# Where do your tools go in your shop?



## DavidTTU (Dec 3, 2013)

I have a one car garage workshop that I recently removed an interior wall on which gave me another 8×8 room to work with. 
I have three tools that I am looking to add to my shop in this room. A 14" bandsaw, A floor drill press, and a jointer. I would also like to squeeze cabinet storage along one of these walls.

Do bandsaws/drill presses work well in the corner of a shop? Would I be better off putting the bandsaw along one of my long exterior walls? How do you have your tools arranged and setup? I know this is a common topic and have done some research, just hoping to hear from a few current LJ's on their setup.

Cheers!


----------



## wapakfred (Jul 29, 2011)

I have my DP in a corner, and it's OK. I still have to move it out on occasion because the pieces are too long for the area, but the DP is on a mobile base so it's not that bad. The BS, though, wouldn't work in a corner for me. Most of the time I'm resawing and the longer pieces pretty much dictate a little more room. It's also on a mobile base, so I can tuck it up against the wall when not in use.


----------



## Charlie5791 (Feb 21, 2012)

I have my bandsaw, drill press and jointer on wheels. The bandsaw gets used more lately so it is "parked" such that I usually don't have to move it. Jointer rolls out easily as does the planer when I am preparing stock. Drill press is out of the way, but unless I have to do pieces that require a lot of clearance to the SIDES of the drill press, I don't have to move that either. My shop is 16×24 I've rearranged it a couple times because the things I do in the shop changed a bit so the arrangement changes to suit. If stuff is on wheels this is pretty easy.

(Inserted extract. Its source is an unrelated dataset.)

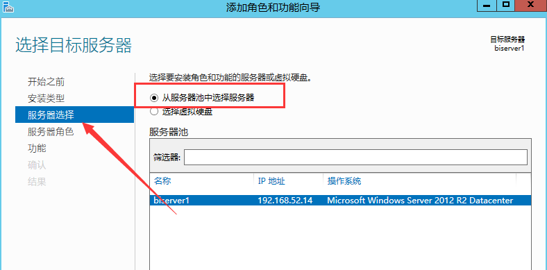 3、然后點擊“服務器選擇”,選擇“從服務器池中選擇服務器”,

AND…. I can open the french doors if we're having a party, roll all the tools to the perimeter, and set up seating or buffet in the shop. I don't have to hide the fact that it's my shop. It's kind of obvious it's not a pool cabana, but we're pretty casual here and it's never been an issue.


----------



## kdc68 (Mar 2, 2012)

Another vote for putting these tools on wheels. The one car garage scenario is similar to a small basement workshop as I have. I have Harbor Freight mobile bases on my bandsaw, drill press, and other "stationary" tools. The jointer I own has a build in mobile base. With my set up I wheel out the tool to use and wheel back up against the wall when done. This helps to keep the most amount of floor space available for assembly or other tasks. 
v
http://www.harborfreight.com/300-lb-capacity-mobile-base-95288.html


----------



## ChefHDAN (Aug 7, 2010)

+1, budget for mobile bases, all of mine are on wheels, and while I dream of a barn with a concrete floor to keep my tools set up in, I need about an hour to 2 at the beginning and end of a project for set up and put away. if/when you've got a miter saw, I'd find the most centered space along one wall for that, it always seems to be the one tool that is always needed for the quick cuts.


----------



## RHolcomb (Mar 23, 2010)

All of my stationary tools are on mobile bases. It's no big deal to move them out to an area that gives me the space I need to use them. When not in use, they get rolled back to their designated area. My shop is 18' X 24' and when I built my shop, I thought that would be plenty of room. It looked huge with nothing it it. Funny how fast you run out of room once you put your tools into that big empty space. On a side note..Mobile bases also makes it a lot easier to clean up the shop.


----------



## thor2015 (Dec 31, 2014)

I have a 2 car garage but it may as well be a 1 car because 1 of the cars is currently disabled. My table saw and my miter saw are both on wheels and can be folded and tucked away.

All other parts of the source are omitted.